Hawaii Gigas Methylation Analysis Part 3

Revisiting trimming

After I posted this issue, Sam tagged me in another issue. Turns out some WGBS data Hollie received recently had the same issue: mainly a poly-G tail in the second paired read, which causes sequences to fail the per sequence GC content metric. When I reviewed the overrepresented sequences in the first paired reads, I noticed that there were still adapter sequences in these reads! When I mentioned this to Sam at Science Hour, he said that trimgalore and cutadapt usually need to be run twice on a set of samples. This is because only the most abundant primer sequence gets removed the first time, while the remaining adapters get removed the second time. Based on this discussion I decided to:

  • Retrim trim all sequences a second time
  • Manually remove the poly-G tail

I created a new script. For the second round of trimming, the only part of my code that changed was the paths to the files to trim and the directories used. I included code to run multiqc on these files. Next, I set up code to manually trim out poly-G tails, write those files to a different subdirectory, and run multiqc on the files that after three rounds of trimming.
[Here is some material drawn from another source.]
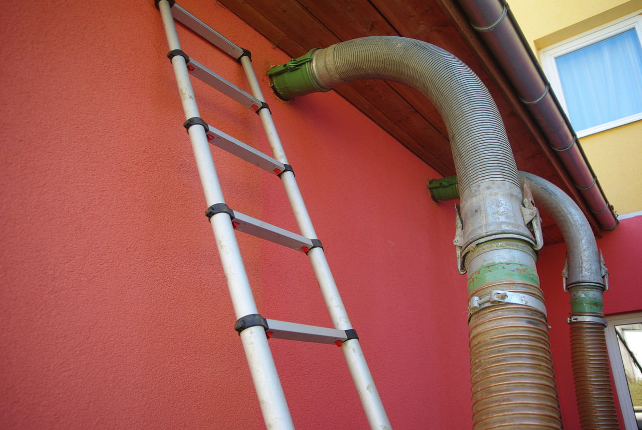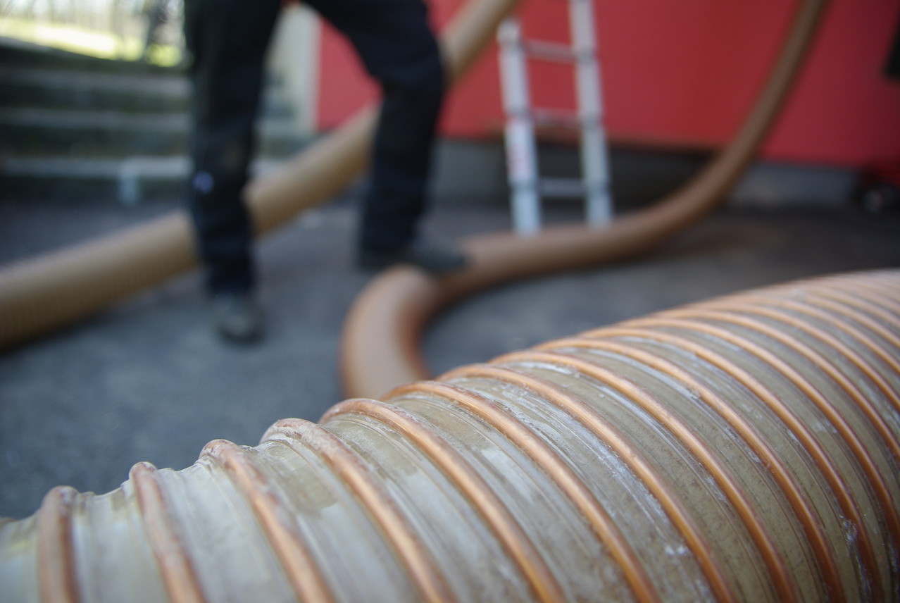 Mit unserem innovativen Hackschnitzel-Pumpwagen wird das Befüllen Ihres Hackschnitzellagers so einfach und bequem wie bei Pellets. Ein Druckluftkompressor pumpt die Hackschnitzel über einen Schlauch bis zu 40 Meter weit und bis zu 15 Meter hoch in den Lagerraum. Gleichzeitig wird über einen zweiten Schlauch die Abluft abgesaugt, wodurch ein leichter Unterdruck im Lagerraum entsteht. Der in der Abluft enthaltene Staub wird über eine Spezielle Filteranlage (insgesamt 14 Filterpatronen) absorbiert.

In the meantime, Sam said he’ll contact Zymo since he sent in the sequencing request to begin with! Between him and Hollie, hopefully Zymo can give us more information.

Going forward

  1. Review MultiQC output after trimming
  2. Get more information from Zymo about poly-G tails in samples
  3. Start bismark
  4. Transfer scripts used to a nextflow workflow
  5. Identify methylation analysis framework beyond methylKit
Written on January 15, 2021